Character level one-hot encoding (toy example):

samples <- c("The cat sat on the mat.", "The dog ate my homework.")
ascii_tokens <- c("", sapply(as.raw(c(32:126)), rawToChar))
token_index <- c(1:(length(ascii_tokens)))
names(token_index) <- ascii_tokens
max_length <- 50
results <- array(0, dim = c(length(samples), max_length, length(token_index)))
for (i in 1:length(samples)) {
sample <- samples[[i]]
characters <- strsplit(sample, "")[[1]]
for (j in 1:length(characters)) {
character <- characters[[j]]
results[i, j, token_index[[character]]] <- 1
}
}

Note that Keras has built-in utilities for doing one-hot encoding text at the word level or character level, starting from raw text data. This is what you should actually be using, as it will take care of a number of important features, such as stripping special characters from strings, or only taking into the top N most common words in your dataset (a common restriction to avoid dealing with very large input vector spaces).

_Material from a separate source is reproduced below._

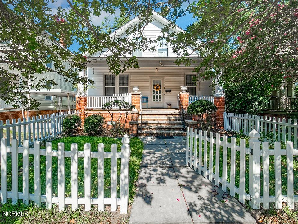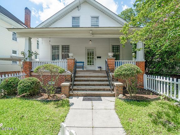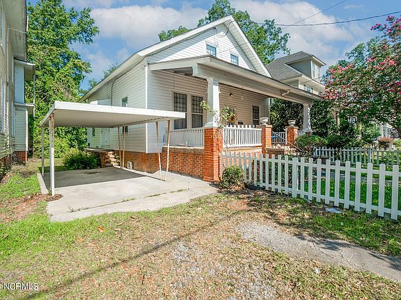 1950's home located in the historic district of Elizabeth City on one of the last brick streets. Large welcoming front porch that has been completely rebuilt from bottom up. Fresh paint downstairs, new AC unit for upstairs, newer siding, and new insulation. Oak wood floors in living room and dining room. Some classic features include: 16 panel windows throughout (covered with storm windows), glass and brass door hardware, and patterned glass at top of each door for light. This 3 bedroom and 2 bath home was once used as duplex but will now need to be used as single family residence. There is one bedroom and full bath downstairs with the other 2 bedrooms and full bath upstairs. Spacious backyard and carport in driveway. Rear access road to property.

Using Keras for word-level one-hot encoding:

library(keras)
samples <- c("The cat sat on the mat.", "The dog ate my homework.")
# Creates a tokenizer, configured to only take into account the 1,000
# most common words, then builds the word index.
tokenizer <- text_tokenizer(num_words = 1000) %>%
fit_text_tokenizer(samples)
# Turns strings into lists of integer indices
sequences <- texts_to_sequences(tokenizer, samples)
# You could also directly get the one-hot binary representations. Vectorization
# modes other than one-hot encoding are supported by this tokenizer.
one_hot_results <- texts_to_matrix(tokenizer, samples, mode = "binary")
# How you can recover the word index that was computed
word_index <- tokenizer\$word_index
cat("Found", length(word_index), "unique tokens.\n")
Found 9 unique tokens.

A variant of one-hot encoding is the so-called “one-hot hashing trick”, which can be used when the number of unique tokens in your vocabulary is too large to handle explicitly. Instead of explicitly assigning an index to each word and keeping a reference of these indices in a dictionary, one may hash words into vectors of fixed size. This is typically done with a very lightweight hashing function. The main advantage of this method is that it does away with maintaining an explicit word index, which saves memory and allows online encoding of the data (starting to generate token vectors right away, before having seen all of the available data). The one drawback of this method is that it is susceptible to “hash collisions”: two different words may end up with the same hash, and subsequently any machine learning model looking at these hashes won’t be able to tell the difference between these words. The likelihood of hash collisions decreases when the dimensionality of the hashing space is much larger than the total number of unique tokens being hashed.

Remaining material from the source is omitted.